Task goal | Exclude all pictures, and reproduce exactly the lines from the one containing "Important Logging Note: Enable" through the end of the records, with nothing else added.

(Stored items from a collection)

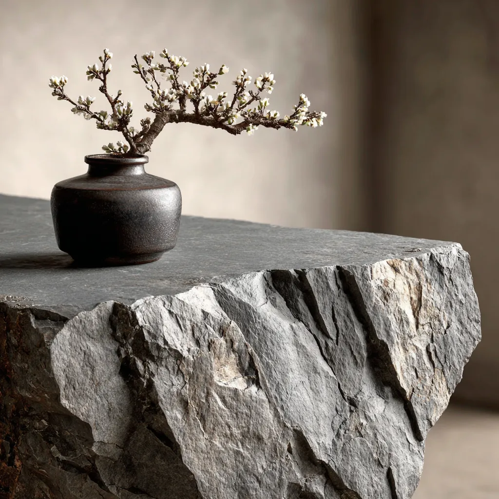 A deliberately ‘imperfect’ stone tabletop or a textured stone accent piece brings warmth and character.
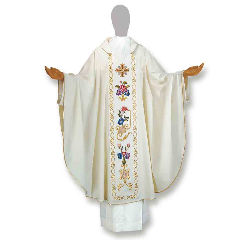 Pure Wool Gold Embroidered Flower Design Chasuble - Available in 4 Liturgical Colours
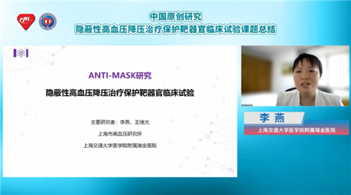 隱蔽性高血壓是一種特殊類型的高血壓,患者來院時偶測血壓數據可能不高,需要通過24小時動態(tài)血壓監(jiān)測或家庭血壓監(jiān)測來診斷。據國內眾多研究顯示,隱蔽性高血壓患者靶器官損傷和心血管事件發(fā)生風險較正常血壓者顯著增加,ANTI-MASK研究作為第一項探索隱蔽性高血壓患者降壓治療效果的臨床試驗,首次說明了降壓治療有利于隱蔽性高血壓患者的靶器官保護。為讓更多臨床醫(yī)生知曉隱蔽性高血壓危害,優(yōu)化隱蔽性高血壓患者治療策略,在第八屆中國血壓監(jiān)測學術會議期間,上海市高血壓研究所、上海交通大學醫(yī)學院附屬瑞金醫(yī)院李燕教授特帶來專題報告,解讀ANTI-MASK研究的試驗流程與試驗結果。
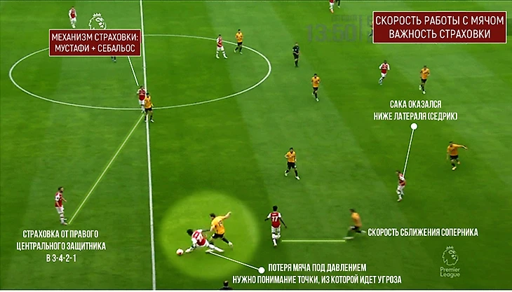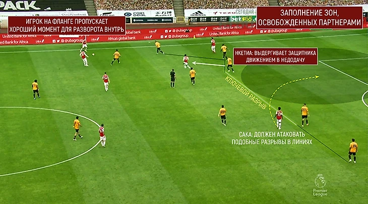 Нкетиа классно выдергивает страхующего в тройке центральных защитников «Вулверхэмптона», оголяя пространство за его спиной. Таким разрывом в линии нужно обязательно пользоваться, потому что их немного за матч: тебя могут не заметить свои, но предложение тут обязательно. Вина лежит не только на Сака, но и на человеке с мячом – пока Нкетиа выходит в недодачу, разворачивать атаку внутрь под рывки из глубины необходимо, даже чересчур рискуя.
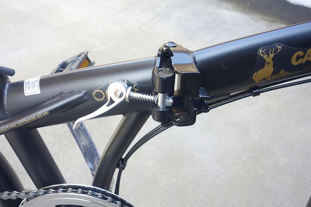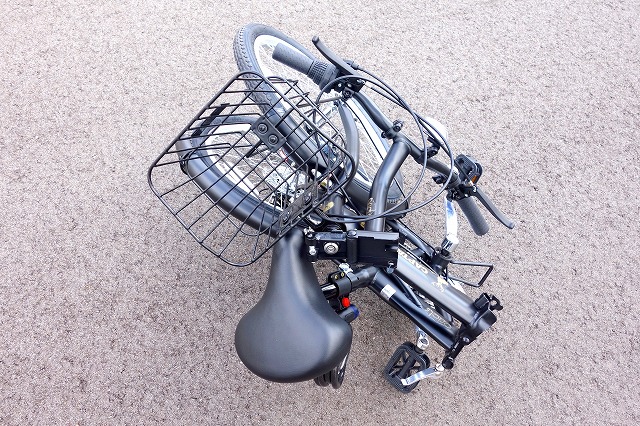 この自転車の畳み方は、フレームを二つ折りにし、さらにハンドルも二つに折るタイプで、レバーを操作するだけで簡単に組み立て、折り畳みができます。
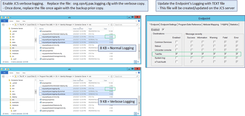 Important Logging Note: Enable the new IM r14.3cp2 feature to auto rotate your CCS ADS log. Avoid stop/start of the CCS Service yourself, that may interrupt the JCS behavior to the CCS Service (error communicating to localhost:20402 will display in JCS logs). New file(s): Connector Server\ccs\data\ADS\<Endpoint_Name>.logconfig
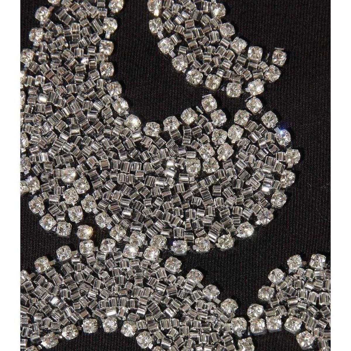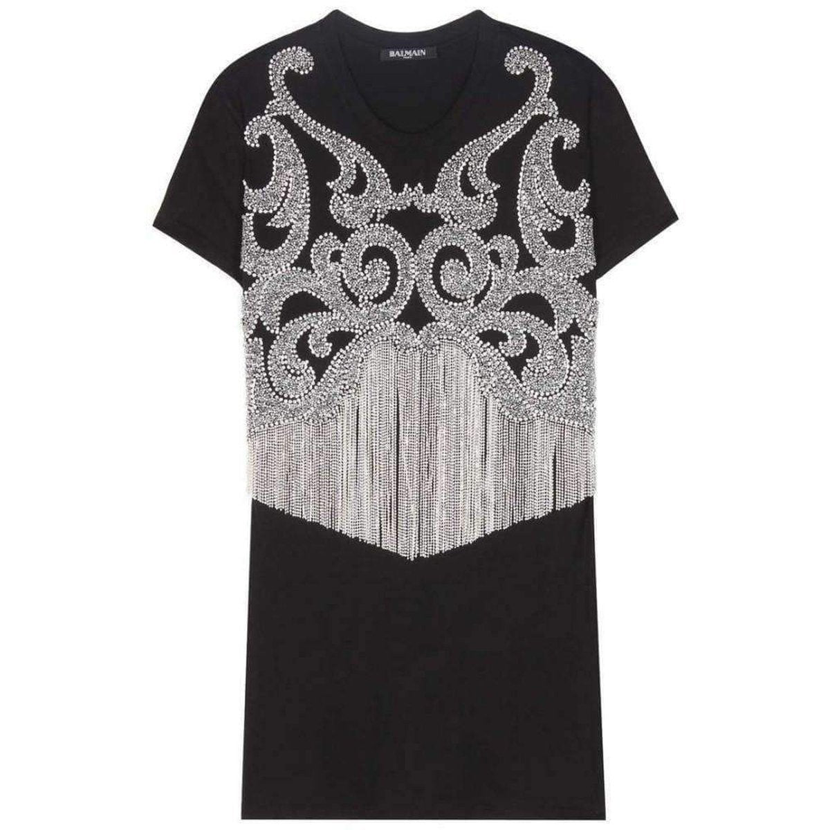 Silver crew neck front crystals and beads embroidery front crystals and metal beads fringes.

Worked solution |
 Important Logging Note: Enable the new IM r14.3cp2 feature to auto rotate your CCS ADS log. Avoid stop/start of the CCS Service yourself, that may interrupt the JCS behavior to the CCS Service (error communicating to localhost:20402 will display in JCS logs). New file(s): Connector Server\ccs\data\ADS\<Endpoint_Name>.logconfig
 Silver crew neck front crystals and beads embroidery front crystals and metal beads fringes.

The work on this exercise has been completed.